A person receives a booster shoot of the Moderna coronavirus vaccine
Flagship develops and finances companies like Moderna, whose mRNA platform yielded the Covid vaccine © Pool/AFP/Getty Images

Flagship Pioneering, the venture capital fund that launched Moderna, is planning to create a spree of new biotechs harnessing generative artificial intelligence to power drug discovery after securing $3.6bn in funding from its financial backers.

As part of its latest fundraise, the venture firm raised $2.6bn for its eighth fund and $1bn to deploy across parallel funds, which will invest in specific sectors, such as certain diagnostics or therapeutics. Flagship is also likely to raise extra money for its eighth fund later this year, helping it meet a target of $3bn for the investment vehicle.

Much of the investments from Flagship’s fund VIII will be focused on platforms that use AI in novel ways to develop drugs, according to Noubar Afeyan, who founded Flagship in 2000. “Each of the pools of capital we raise supports around 25 companies; I wouldn’t be surprised if the majority of [the companies in fund VIII] are but for AI we wouldn’t do them,” said Afeyan.

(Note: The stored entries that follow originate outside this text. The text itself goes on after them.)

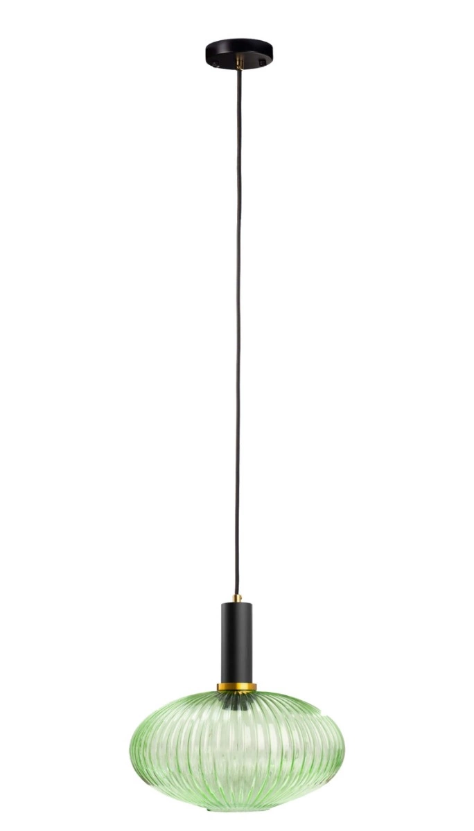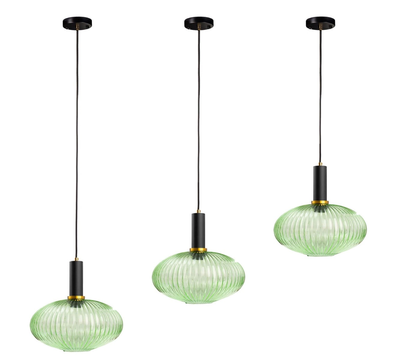 Prezentované závěsné svítidlo je zajímavou nabídkou do elegantních interiérů v moderním i klasickém designu. Lampa se vyznačuje krásným rýhovaným stínidlem ze zeleného skla s černým rámem se zlatým nádechem. Několik svítidel tohoto modelu zavěšených vedle sebe vytvoří jedinečné uspořádání například nad jídelním stolem nebo nad kuchyňským ostrůvkem. Nespornou výhodou lampy je možnost nastavení výšky zavěšení . Při instalaci si zákazník určí délku kabelu, na který bude viset - maximální délka svítidla je až 117cm.
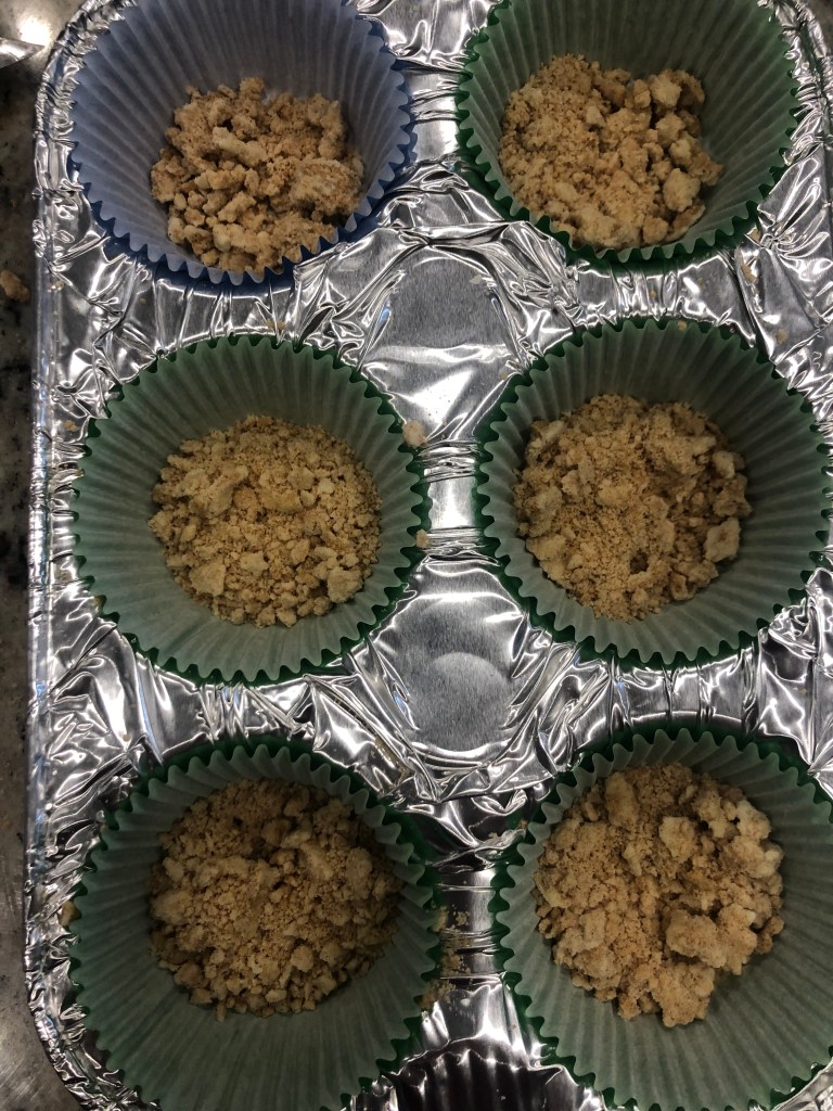 Add a layer of crushed cookies to bottom of lined cupcake pan.
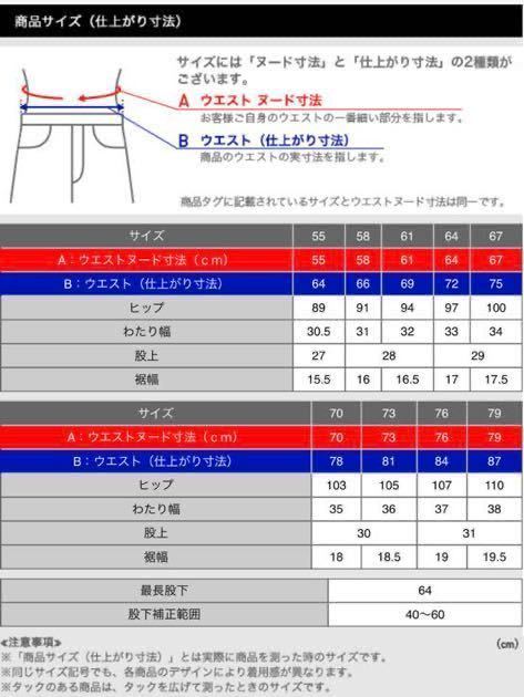 【寸法】WOMEN ウエスト 61cm/ヒップ 88cm 表記

Ideas that Flagship are developing include using AI to generate novel chemical materials which serve as the building blocks of medicines, as well as using the technology to automate hypothesis generation for scientists. “AI is a prosthesis for your imagination — your ability to leap dramatically changes using these tools,” said Afeyan. The money from Flagship’s eighth fund will be spent over the next three years.

Flagship, which has 40 companies in its portfolio, not only bankrolls biotech start-ups, it also generates the ideas for them in-house and builds them from the ground up, before bringing in outside investors.

The close of Flagship’s latest raise is a bullish sign for venture investment in biotech, which has been trying to recover following a downturn caused by the end of a pandemic-inspired boom in addition to a series of interest rate hikes.

Arch Venture Partners, another leading biotech investor, started raising a $3bn fund earlier this year. Flagship closed its last fund, which raised a record $3.4bn, in June 2021 during the pandemic.

Flagship — which is based in Cambridge, Massachusetts — has a total of $14bn of assets under management, making it one of the world’s biggest specialist biotech investors. The VC firm already has big investments in AI, including Generate Biomedicines which completed the biggest funding round for a biotech last year.

Flagship’s investment strategy has typically centred on founding platform companies aimed at revolutionising an area of medicine, such as Moderna’s mRNA platform that yielded the blockbuster Covid vaccine. But Afeyan said the VC firm is increasingly investing in biotechs focused on developing individual drugs.

At least a quarter of investments from its last fund were deployed through Flagship’s Pioneering Medicines arm, which partners with pharma groups such as Novo Nordisk and Pfizer, on developing drugs. “We have absolutely responded to the [criticism] ‘don’t platforms take a long time and even if they’re a big return, doesn’t it take six, seven, eight years?” said Afeyan. “The answer is we now have a dozen programmes, and there’ll be two dozen, probably over the next year and a half of single asset programmes.”